Spinocerebellar ataxia type 7 (SCA7) is an autosomal dominant cerebellar ataxia caused by a CAG repeat expansion in the ataxin-7 gene. In humans, SCA7 is characterized by marked anticipation due to intergenerational repeat instability with a bias toward expansion, and is thus regarded as the most unstable of the polyglutamine diseases. To study the molecular basis of CAG/CTG repeat instability and its pathological significance, we generated lines of transgenic mice carrying either a SCA7 cDNA construct or a 13.5 kb SCA7 genomic fragment with 92 CAG repeats. While the cDNA transgenic mice showed little intergenerational repeat instability, the genomic fragment transgenic mice displayed marked intergenerational instability with an obvious expansion bias. We then went on to generate additional lines of genomic fragment transgenic mice, and observed that deletion of the 3' genomic region significantly stabilized intergenerational transmission of the SCA7 CAG92 repeat. These results suggest that cis-information present on the genomic fragment is driving the instability process. As the SCA7 genomic fragment contains a large number of replication-associated motifs, the presence of such sequence elements may make the SCA7 CAG repeat region more susceptible to instability. Small-pool and standard PCR analysis of tissues from genomic fragment mice revealed large repeat expansions in their brains and livers, but no such changes were found in any tissues from cDNA transgenic mice that have been shown to undergo neurodegeneration. As large somatic repeat expansions are absent from the brains of SCA7 cDNA mice, our results indicate that neurodegeneration can occur without marked somatic mosaicism, at least in these mice.
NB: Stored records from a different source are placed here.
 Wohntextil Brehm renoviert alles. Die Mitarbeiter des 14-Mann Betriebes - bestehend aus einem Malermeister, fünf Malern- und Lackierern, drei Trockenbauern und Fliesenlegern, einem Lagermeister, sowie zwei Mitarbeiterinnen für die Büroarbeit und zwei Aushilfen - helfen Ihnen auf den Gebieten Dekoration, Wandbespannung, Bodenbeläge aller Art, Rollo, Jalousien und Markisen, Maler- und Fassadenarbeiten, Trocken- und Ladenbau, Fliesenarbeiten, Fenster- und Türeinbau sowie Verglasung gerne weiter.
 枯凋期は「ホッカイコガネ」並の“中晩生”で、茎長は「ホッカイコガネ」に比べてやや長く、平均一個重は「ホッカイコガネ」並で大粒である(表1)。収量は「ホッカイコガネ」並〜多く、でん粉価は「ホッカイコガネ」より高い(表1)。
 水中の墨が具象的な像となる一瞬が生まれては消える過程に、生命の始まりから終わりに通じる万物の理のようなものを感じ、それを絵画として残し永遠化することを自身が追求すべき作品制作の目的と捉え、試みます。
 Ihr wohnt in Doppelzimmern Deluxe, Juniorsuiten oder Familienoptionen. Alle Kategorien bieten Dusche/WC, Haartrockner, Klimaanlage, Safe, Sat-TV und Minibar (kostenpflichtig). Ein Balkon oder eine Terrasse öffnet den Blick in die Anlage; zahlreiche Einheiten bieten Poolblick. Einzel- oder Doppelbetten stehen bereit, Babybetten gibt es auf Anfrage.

Polyglutamine-expanded ataxin-7 promotes non-cell-autonomous purkinje cell degeneration and displays proteolytic cleavage in ataxic transgenic mice.
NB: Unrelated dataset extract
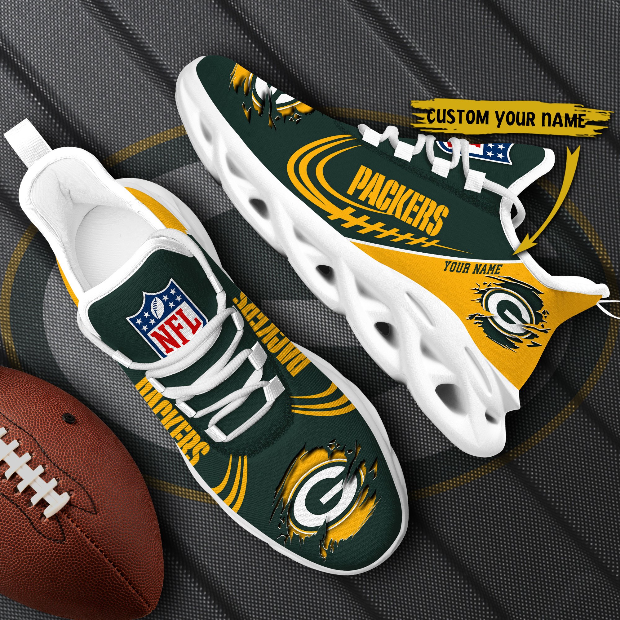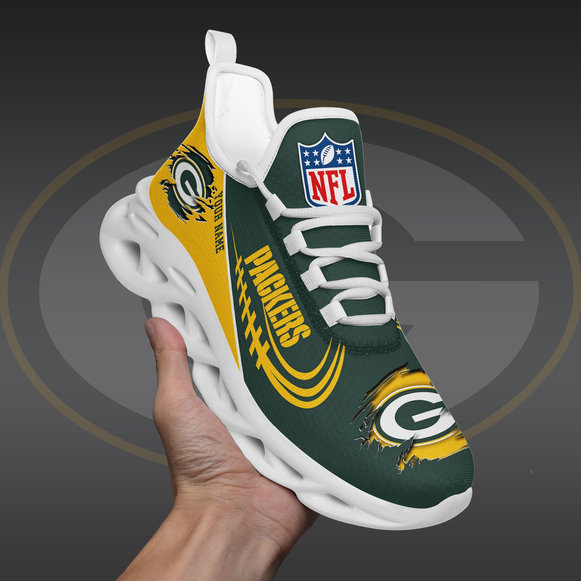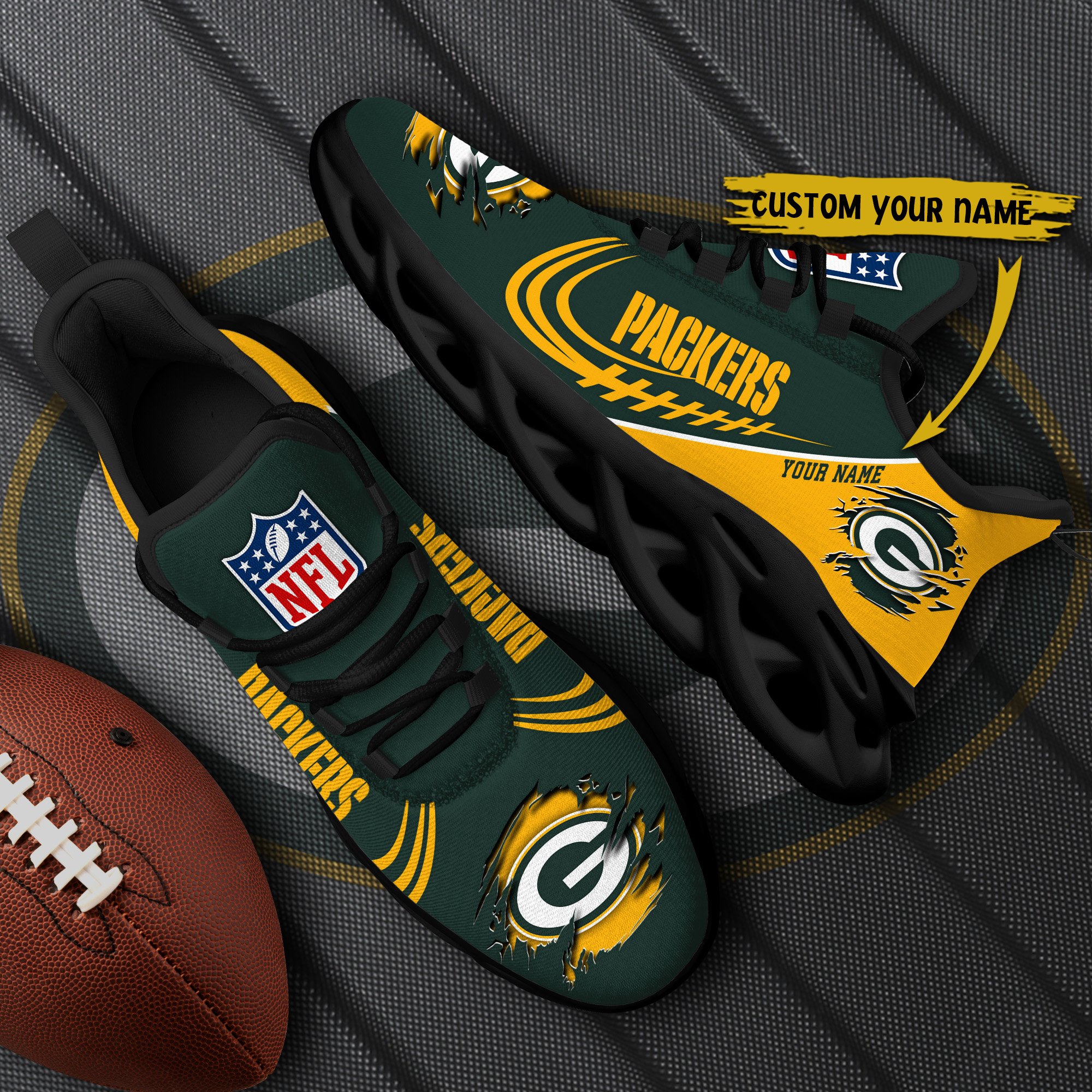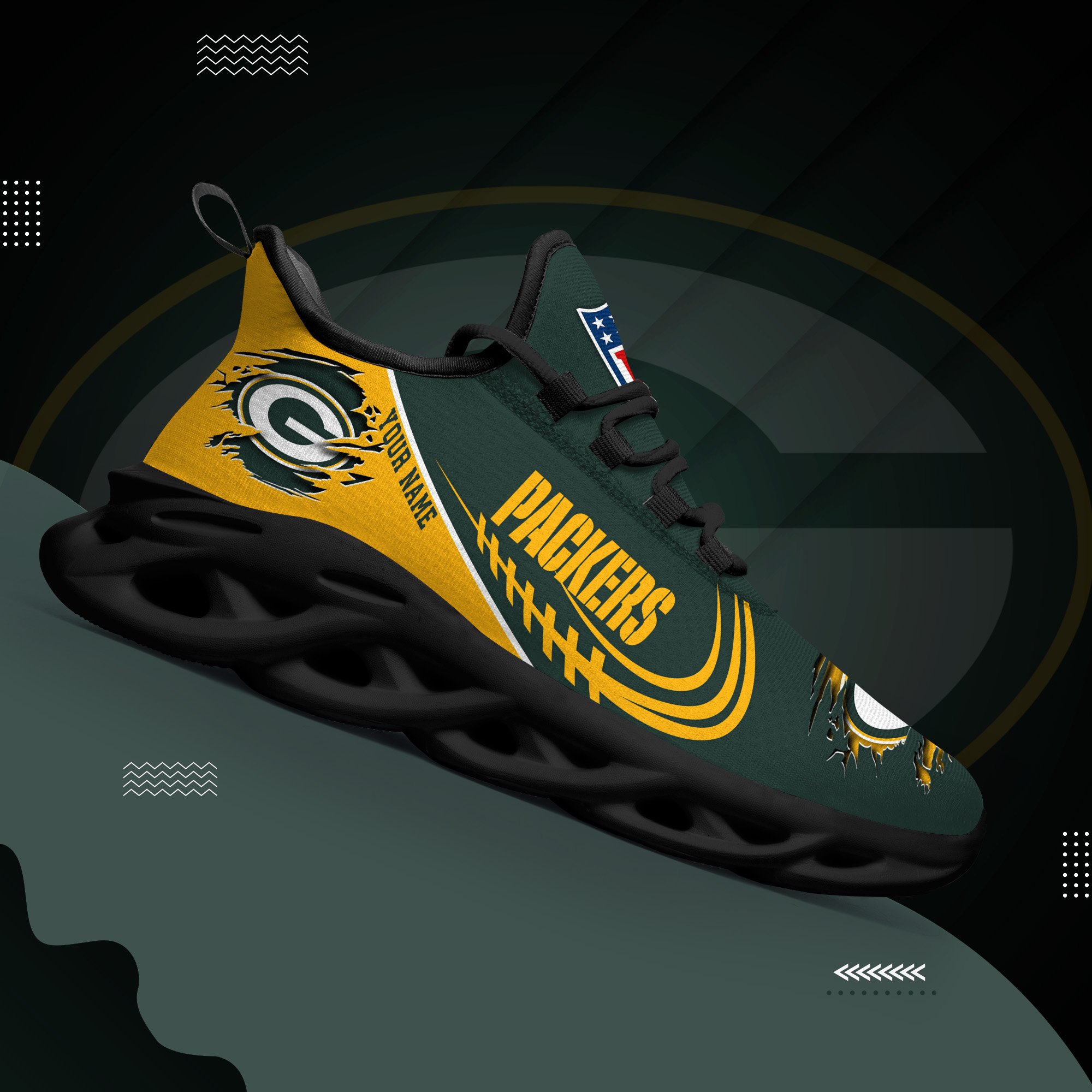 Green Bay Packers Black Max Soul Shoes 2026 Versions Custom Name 003

Spinocerebellar ataxia (SCA) type 7 is an inherited neurodegenerative disorder caused by expansion of a polyglutamine tract within the ataxin-7 protein. To determine the molecular basis of polyglutamine neurotoxicity in this and other related disorders, we produced SCA7 transgenic mice that express ataxin-7 with 24 or 92 glutamines in all neurons of the CNS, except for Purkinje cells. Transgenic mice expressing ataxin-7 with 92 glutamines (92Q) developed a dramatic neurological phenotype presenting as a gait ataxia and culminating in premature death. Despite the absence of expression of polyglutamine-expanded ataxin-7 in Purkinje cells, we documented severe Purkinje cell degeneration in 92Q SCA7 transgenic mice. We also detected an N-terminal truncation fragment of ataxin-7 in transgenic mice and in SCA7 patient material with both anti-ataxin-7 and anti-polyglutamine specific antibodies. The appearance of truncated ataxin-7 in nuclear aggregates correlates with the onset of a disease phenotype in the SCA7 mice, suggesting that nuclear localization and proteolytic cleavage may be important features of SCA7 pathogenesis. The non-cell-autonomous nature of the Purkinje cell degeneration in our SCA7 mouse model indicates that polyglutamine-induced dysfunction in adjacent or connecting cell types contributes to the neurodegeneration.